** Your assignment **
Take the entries below and print, exactly, the stretch from the line containing "ORGULLO DE CASTA. Pareja" through the line containing "Ảnh cận cảnh quả cầu đá thạch anh vàng", both included.

** Source material **
^^^^^^^^^^^^^^^^

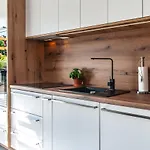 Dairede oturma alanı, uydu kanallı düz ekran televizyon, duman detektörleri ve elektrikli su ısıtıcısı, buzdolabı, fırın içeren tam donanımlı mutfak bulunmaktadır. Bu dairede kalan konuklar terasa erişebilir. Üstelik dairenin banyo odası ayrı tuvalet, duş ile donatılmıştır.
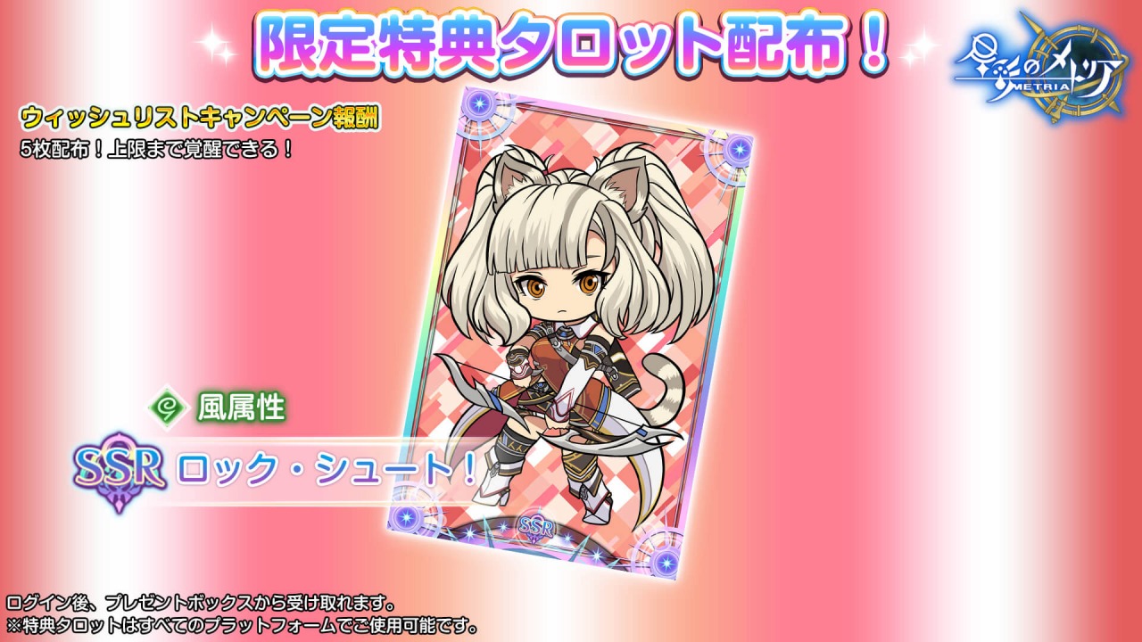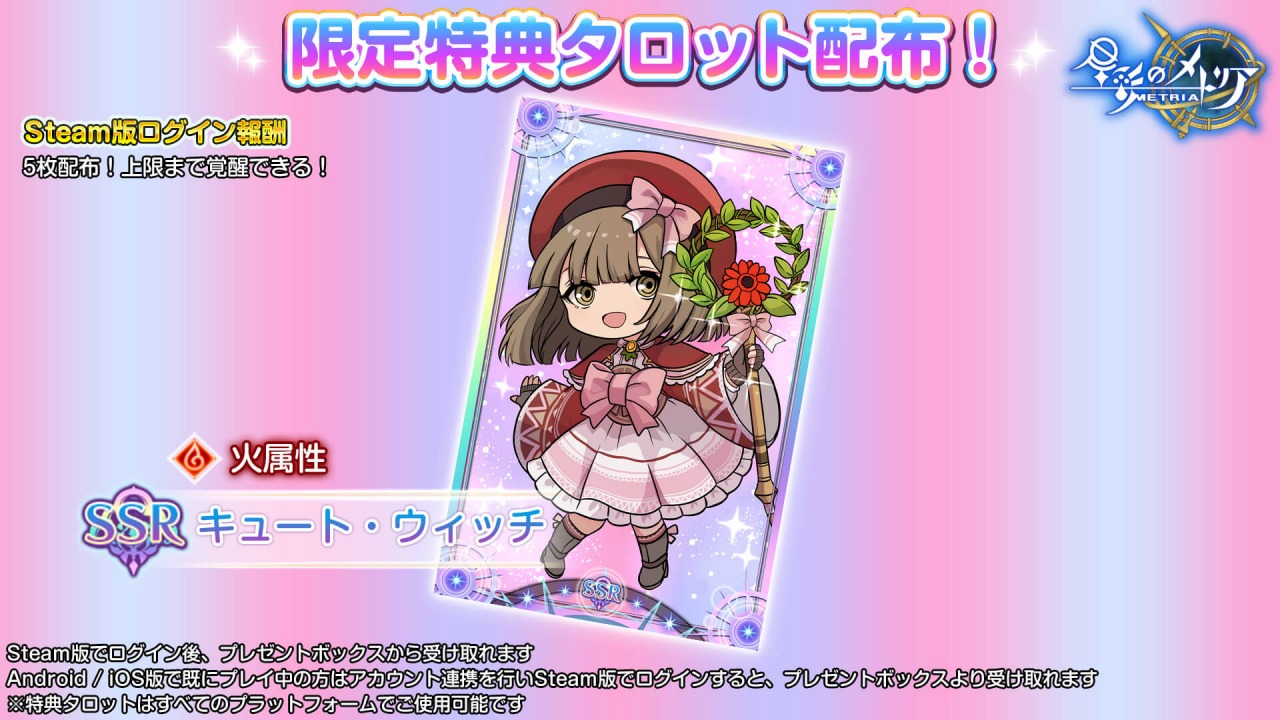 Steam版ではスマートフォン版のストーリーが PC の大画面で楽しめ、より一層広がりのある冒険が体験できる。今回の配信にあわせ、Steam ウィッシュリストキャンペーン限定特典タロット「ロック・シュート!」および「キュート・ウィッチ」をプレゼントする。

^^^^^^^^^^^^^^^^

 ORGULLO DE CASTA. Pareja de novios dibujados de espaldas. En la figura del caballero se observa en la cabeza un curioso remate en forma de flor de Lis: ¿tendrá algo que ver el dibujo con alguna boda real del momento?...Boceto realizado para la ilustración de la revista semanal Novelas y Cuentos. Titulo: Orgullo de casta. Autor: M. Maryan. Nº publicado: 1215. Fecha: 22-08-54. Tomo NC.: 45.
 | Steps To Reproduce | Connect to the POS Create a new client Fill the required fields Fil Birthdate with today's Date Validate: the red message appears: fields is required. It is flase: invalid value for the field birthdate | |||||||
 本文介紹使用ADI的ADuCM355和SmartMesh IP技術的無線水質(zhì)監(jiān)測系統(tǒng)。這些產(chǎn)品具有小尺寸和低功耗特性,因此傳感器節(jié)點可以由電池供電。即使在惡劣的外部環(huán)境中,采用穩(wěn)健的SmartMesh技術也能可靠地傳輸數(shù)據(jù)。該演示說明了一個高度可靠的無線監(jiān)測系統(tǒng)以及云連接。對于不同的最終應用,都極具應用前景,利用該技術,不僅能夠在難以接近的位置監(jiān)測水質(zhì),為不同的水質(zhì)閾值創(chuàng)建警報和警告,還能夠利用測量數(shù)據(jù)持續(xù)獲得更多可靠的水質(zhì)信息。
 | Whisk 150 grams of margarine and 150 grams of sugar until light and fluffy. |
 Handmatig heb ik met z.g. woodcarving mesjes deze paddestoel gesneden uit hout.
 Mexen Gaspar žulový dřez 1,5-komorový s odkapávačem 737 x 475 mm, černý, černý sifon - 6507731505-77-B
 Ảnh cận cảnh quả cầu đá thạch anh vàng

^^^^^^^^^^^^^^^^

** Response box **
 ORGULLO DE CASTA. Pareja de novios dibujados de espaldas. En la figura del caballero se observa en la cabeza un curioso remate en forma de flor de Lis: ¿tendrá algo que ver el dibujo con alguna boda real del momento?...Boceto realizado para la ilustración de la revista semanal Novelas y Cuentos. Titulo: Orgullo de casta. Autor: M. Maryan. Nº publicado: 1215. Fecha: 22-08-54. Tomo NC.: 45.
 | Steps To Reproduce | Connect to the POS Create a new client Fill the required fields Fil Birthdate with today's Date Validate: the red message appears: fields is required. It is flase: invalid value for the field birthdate | |||||||
 本文介紹使用ADI的ADuCM355和SmartMesh IP技術的無線水質(zhì)監(jiān)測系統(tǒng)。這些產(chǎn)品具有小尺寸和低功耗特性,因此傳感器節(jié)點可以由電池供電。即使在惡劣的外部環(huán)境中,采用穩(wěn)健的SmartMesh技術也能可靠地傳輸數(shù)據(jù)。該演示說明了一個高度可靠的無線監(jiān)測系統(tǒng)以及云連接。對于不同的最終應用,都極具應用前景,利用該技術,不僅能夠在難以接近的位置監(jiān)測水質(zhì),為不同的水質(zhì)閾值創(chuàng)建警報和警告,還能夠利用測量數(shù)據(jù)持續(xù)獲得更多可靠的水質(zhì)信息。
 | Whisk 150 grams of margarine and 150 grams of sugar until light and fluffy. |
 Handmatig heb ik met z.g. woodcarving mesjes deze paddestoel gesneden uit hout.
 Mexen Gaspar žulový dřez 1,5-komorový s odkapávačem 737 x 475 mm, černý, černý sifon - 6507731505-77-B
 Ảnh cận cảnh quả cầu đá thạch anh vàng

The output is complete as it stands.